As the first tax season under the final tangible property regulations progresses, many tax practitioners have turned their attention to the treatment of environmental remediation costs under the new regulations. Examples specifically addressing environmental remediation costs have been present in the repair regulations since they were first proposed in 2006 and are drawn from three cases and one revenue ruling issued in the 1990s and early 2000s. The final regulations present significant opportunities for tax savings or risk mitigation.
1994: The Internal Revenue Service (IRS) issued Revenue Ruling 94-38. Here the IRS ruled that a taxpayer who remediates soil and groundwater contamination arising from its manufacturing process did not have to capitalize the remediation costs under §263(a), but rather the costs should be deducted under §162.
1997: In Norwest Corp. v. Commissioner, 108 T.C. 265, the Tax Court held that the cost of removing asbestos was part of a general plan of rehabilitation and renovation of the underlying building and must be capitalized under §263(a). Norwest had constructed the facility in 1969. The initial construction included asbestos-containing materials. The Tax Court found that Norwest decided to remove the asbestos because the removal was essential to remodeling the building to accommodate additional personnel. As part of the remodeling process, the asbestos removal costs were capitalized under the general plan of rehabilitation doctrine.

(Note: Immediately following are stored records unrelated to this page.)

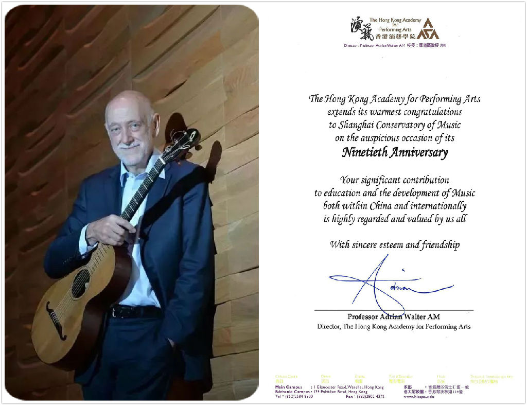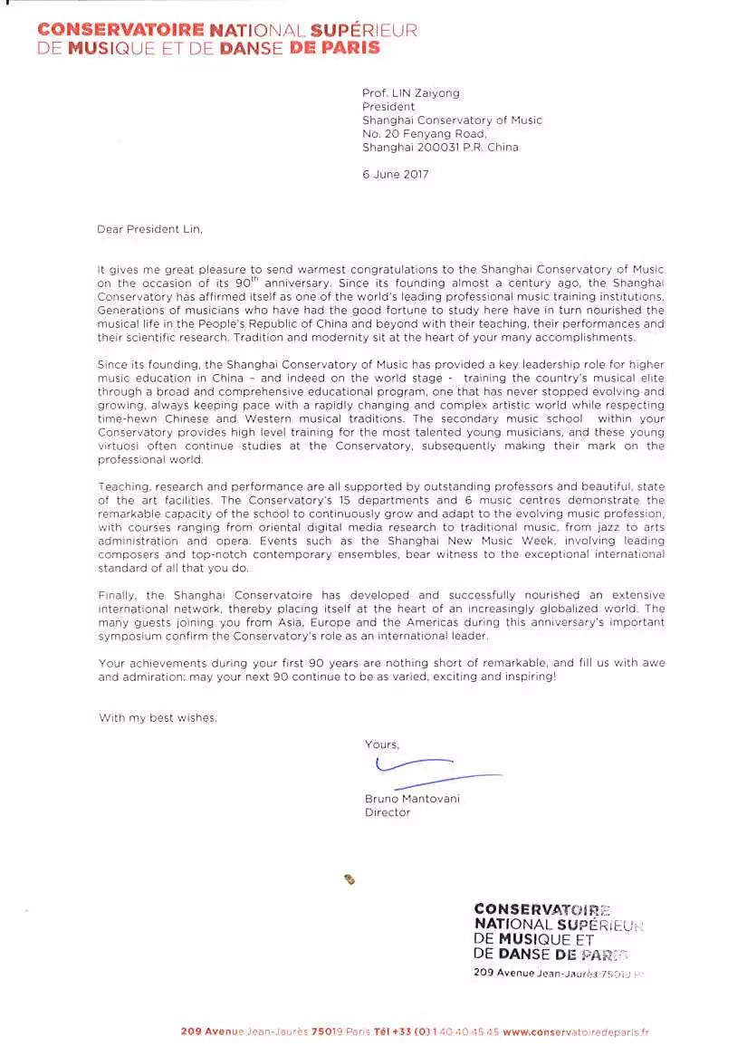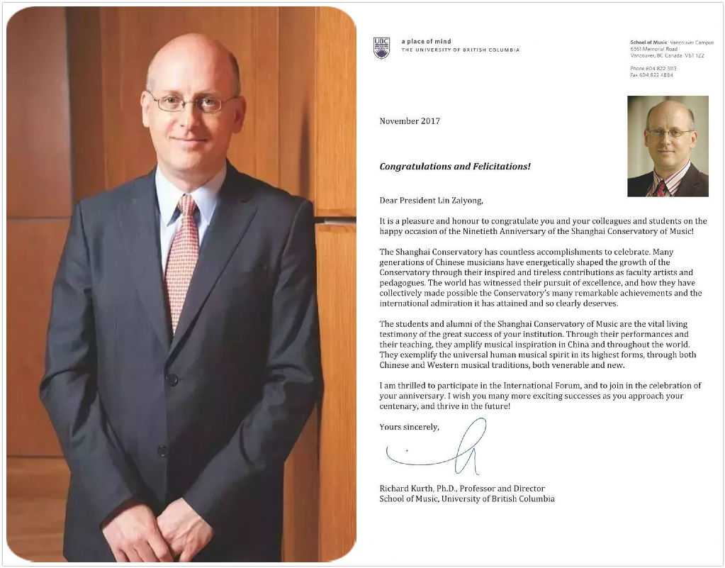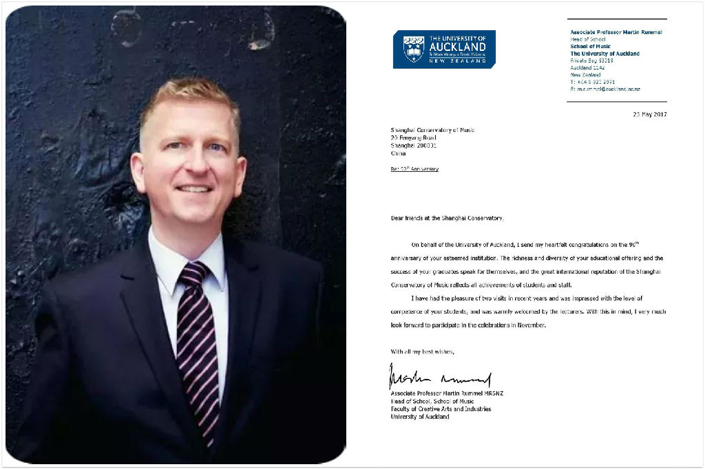 我们同为太平洋音乐院校联盟成员,作为姐妹学校,我们向贵校在过去90年中为培养音乐专业人才所作的杰出贡献致敬,也祝贵校今后发展顺利,取得更大的成就!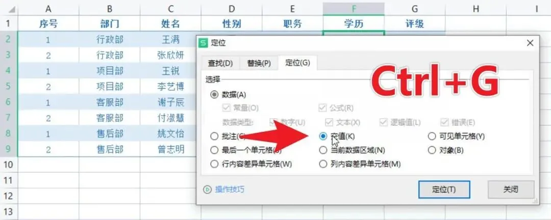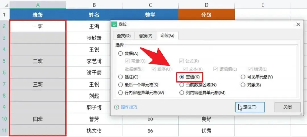 Ctrl+G组合键,在弹出的“定位条件”对话框中选择“空值”选项,点击“确定”,Excel会自动选中该列中所有的空白单元格。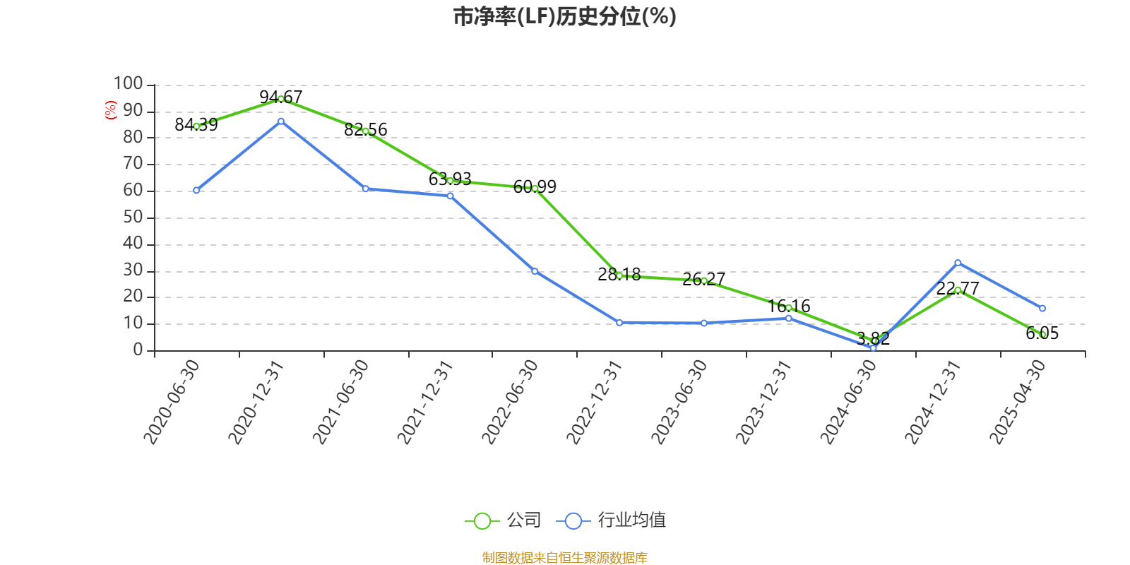 市盈率、市净率为负时,不显示当期分位数,会导致折线图中断。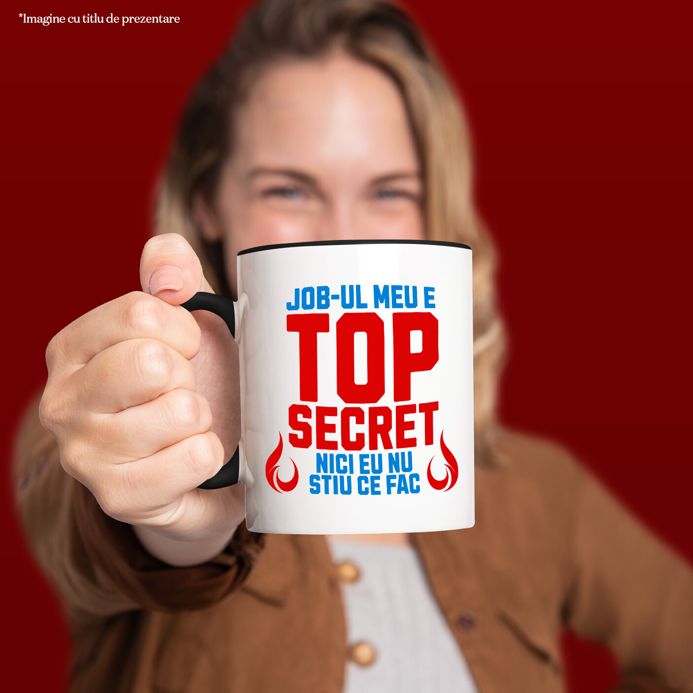 Cana Personalizata cu Design Haios In Limba Romana Flacari, Procrastinare, Meserie, Ceramica, 330ML, cu Maner Negru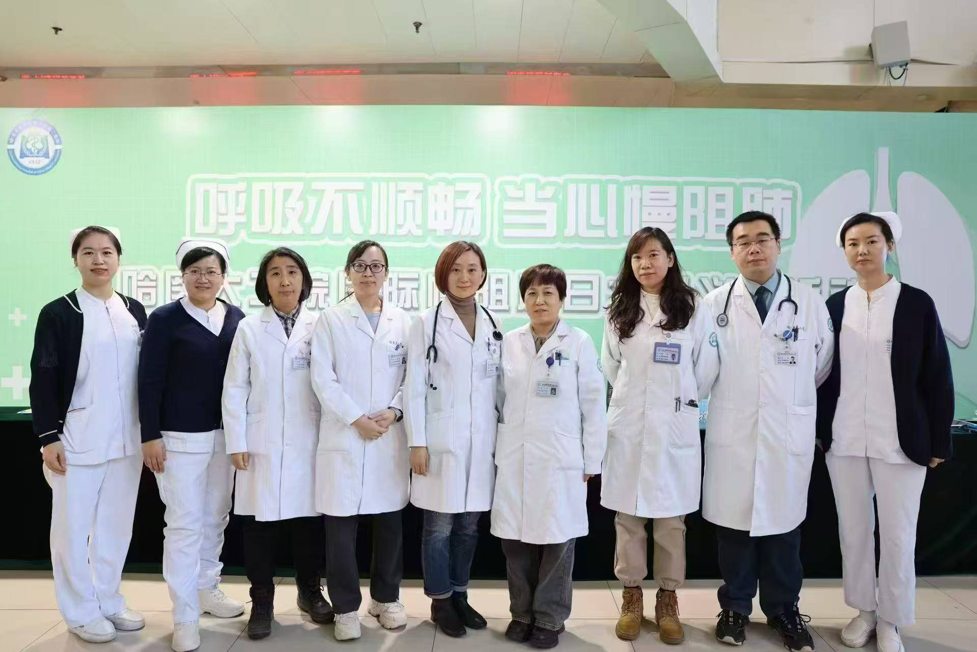 为提高公众对慢阻肺的认知水平,倡导科学规范管理,推动主动检测与早期干预,哈尔滨医科大学附属第二医院(以下简称为哈医大二院)呼吸与危重症医学科举办“世界慢阻肺日”大型义诊和科普宣教活动。活动由呼吸与危重症医学科苏冬菊教授带队,鲍永霞主任医师、周丹副主任医师、刘雅欣副主任医师、王浩副主任医师、杨原荻副主任医师、蒋哲副主任医师等专家为前来咨询的市民进行肺功能评估、慢阻肺风险筛查,耐心解答关于慢阻肺预防、长期治疗、康复管理等问题,指导患者规范吸入治疗、正确使用吸入装置,并根据个体情况提供个体化诊疗建议。通过此次义诊活动进一步提高公众对慢阻肺的认识,倡导广大市民关注肺健康,主动检测肺功能,做到早筛查、早诊断、早治疗、早康复,共同守护“会呼吸的生命”。
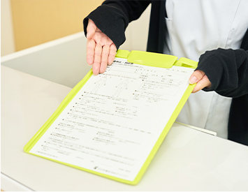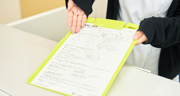 ささき整形外科クリニックにお越しの際は、受付で「交通事故での治療希望」とお伝えください。事前にお伝えいただくことで、必要な手続きがスムーズに進みます。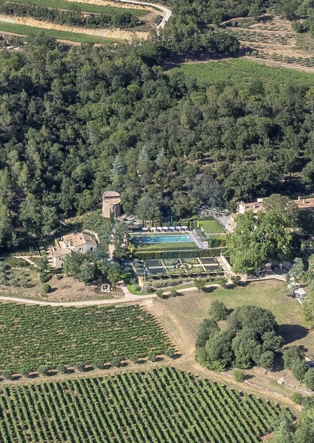 Widok z lotu ptaka na Chateau Margui, hotel i posiadłość winiarską George'a Lucasa w gminie Chateauvert, departament Var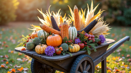 Autumn harvest display: pumpkins, gourds, corn, and fall foliage on wooden cart. That the image is generated using AI.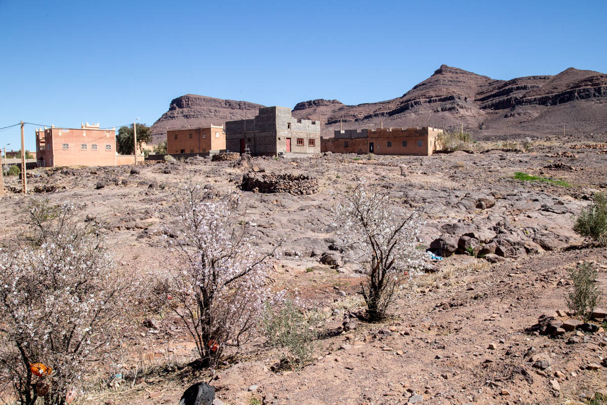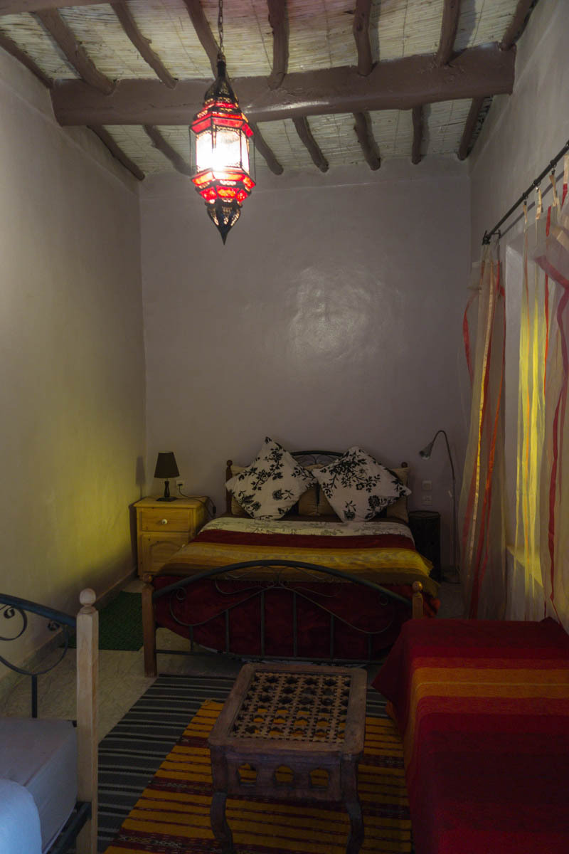 At the entrance into the town we stop at a store and a guy approaches us to ask if we need a hotel. We already have a reservation, but it turns out the guy owns the Riad Dar Tazoulte we are staying at. He guides us there on his moped, about 500 meters off the main road. Agdz seems to have undergone a huge construction boom a couple of years ago, but all work has stopped; probably because of Covid. Almost half the buildings are nice and new, but unfinished and empty.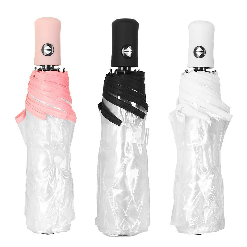 ThreeH Automatisch öffnen und schließen Klarer Regenschirm Bubble Leichter tragbarer Mini-Regenschirm Faltbarer Hochzeitsregenschirm für Auto-Rucksack,Weiß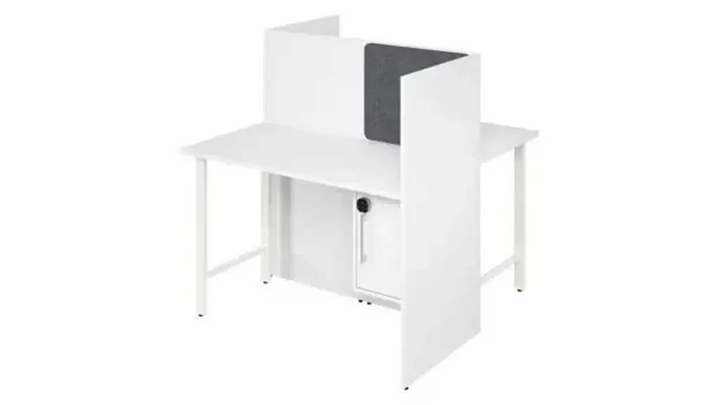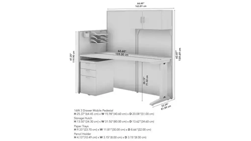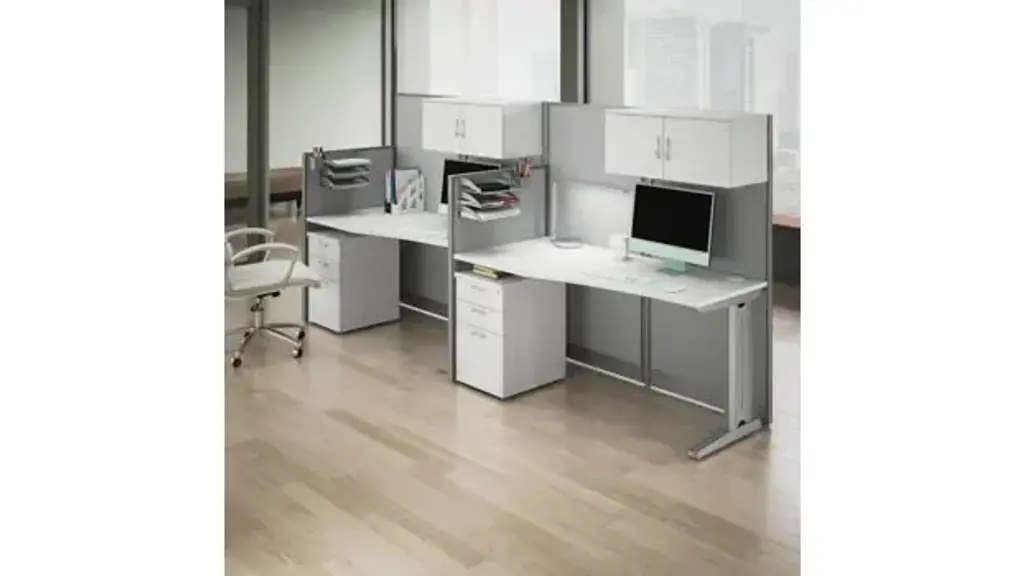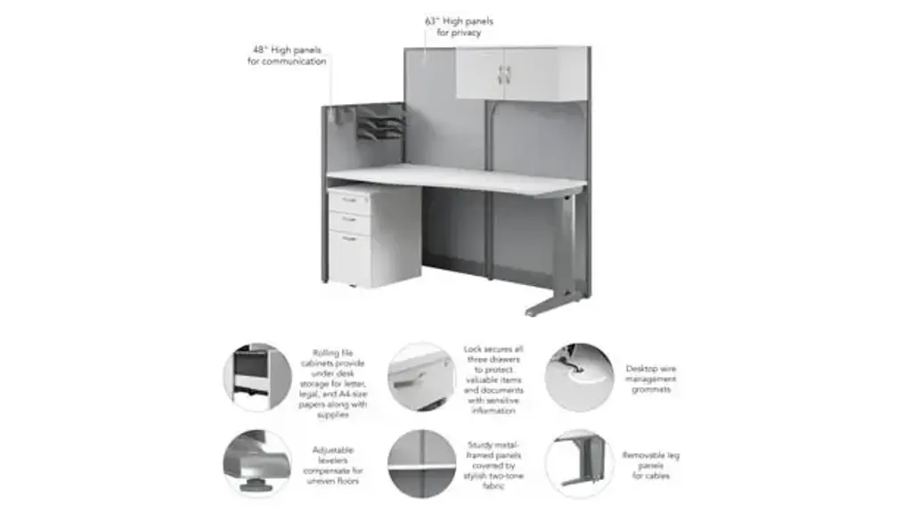Create an efficient, organized workspace in a matter of minutes with the Bush Business Furniture Office in an Hour 65"W x 33"D Cubicle Workstation with Storage. The office desk combines a thermally fused laminate surface with sturdy steel legs to resist scratches, stains and damage. In addition to the desk, the workstation includes one 48"H and two 63"H cubicle panels, along with all necessary hardware. These metal-framed panels are covered by stylish two-tone fabric. The desk and cubicle panels include adjustable levelers to compensate for uneven floors. A convenient cable management system features desktop grommets and removable panels in the metal legs for organizing cords. Keep your supplies and documents in order with the included Storage Cabinet, Adjustable Paper Tray, Pencil Cup and Mobile File Cabinet. The assembled Storage Cabinet mounts to a 63"H Panel and includes necessary hardware. The Mobile File Cabinet drawers open on full-extension ball bearing slides for a smooth and easy reach to the back. Two box drawers work great for personal items, pens and paper, while a file drawer holds letter and legal-sized folders. The Paper Tray and Pencil Cup mount to the 48"H Panel to further organize your work surface. Turn open spaces into efficient offices with this easy-to-assemble workstation. Meets ANSI/BIFMA standards for safety and performance. Made in USA. Ships ready for easy assembly.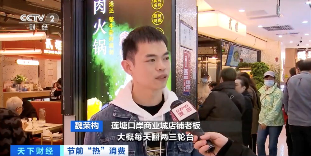 蓮塘口岸商業(yè)城店鋪老板 魏榮構(gòu):我們店里大概有20多張桌,每天翻兩三輪臺(tái),單日營(yíng)業(yè)額大概三四萬(wàn)元。

2000: In Dominion Resources Inc. v. United States, the Fourth Circuit held that a taxpayer must capitalize under §263(a) the costs of environmental remediation that adapt the property to a new and different use. Dominion Resources had operated a facility as a power plant, during which time the site was contaminated. The power plant was decommissioned and put on the market as part of Dominion’s real estate development business. After putting the property on the market, Dominion decided to clean up sludge, asbestos, and other contaminants at the site, ostensibly to limit risk to trespassers and downstream residents if the property flooded. The Court found instead that the clean-up costs allowed Dominion to put the property to new and different uses.
2001: In United Dairy Farmers, Inc. v. United States, the Sixth Circuit held that the costs to remediate soil contamination from leaking underground tanks must be capitalized under §263(a). United Dairy Farmers operated retail gas stations and had unknowingly purchased two locations that had leaking underground gasoline tanks. Since United Dairy Farmers had not contaminated the property through its own business operations, the court held that ameliorating the contamination must be capitalized.
2006: Treasury proposed the “Repair Regulations”. There are two examples under these regulations from United Dairy Farmers and In the first example, a taxpayer purchased land already contaminated by leaking underground tanks. Just as in United Dairy Farmers, the taxpayer had to capitalize the soil remediation costs that ameliorated a pre-existing condition. In the second example, a taxpayer undertook a remodeling project to expand its operations at a facility that it had constructed decades earlier with asbestos-containing materials. Unlike in Norwest, the asbestos-containing materials had not already contaminated the facility, but federal regulations required its removal prior to beginning any remodeling work that could disturb it. The example described the asbestos removal costs as not ameliorating a pre-existing condition. Instead, the costs were capitalized under §263(a) as costs that directly benefit or were incurred by reason of an improvement, the remodeling project.
2008: Treasury issued substantially revised repair regulations. The underground storage tanks example had no substantive change. The asbestos remediation example was revised to state that the asbestos had begun to deteriorate. The example was also revised so that the asbestos removal was no longer required due to a remodeling project. With these differences, the asbestos removal costs were not capitalizable as the amelioration of a pre-existing defect. A new example drawn from Dominion Resources was added. This example required the capitalization of environmental remediation costs where a taxpayer cleans up its former manufacturing facility to sell it to a residential developer. As in Dominion Resources, these costs were characterized as costs that adapt the property to a new or different use.
2011: Treasury issued the temporary Tangible Property regulations addressing not just the repair regulations but a wide variety of tangible property capitalization issues. The examples drawn from the three cases did not change substantively.
2013: Treasury issued in final form some of the Tangible Property regulations, including all of the repair regulations. The underground tanks and asbestos removal examples did not change substantively. The Dominion Resources example was revised so that the taxpayer itself will develop the residential properties.
As the history makes clear, slight factual differences can drastically alter the tax treatment of remediation costs. Ameliorating pre-existing contamination or remediation that adapts the property to a new or different use must be capitalized under §263(a). The presence of a possible contaminant, like underground storage tanks that have not leaked or asbestos in good condition does not create a pre-existing defect. If these possible contaminants require remediation arising from a taxpayer’s use of the property, the costs will often be deductible. Even if the costs are not currently deductible under the final Tangible Property Regulations, taxpayers should be advised to consider alternative routes to deductibility for prior year costs. For example, §198, which sunset after December 31, 2011, allowed a current deduction for qualified environmental remediation expenditures. These expenditures are costs that would otherwise be capitalizable and that are paid in connection with the abatement or control of hazardous substances at a qualified contamination site. If a taxpayer can meet the requirements for 9100 relief, it can make a late §198 election.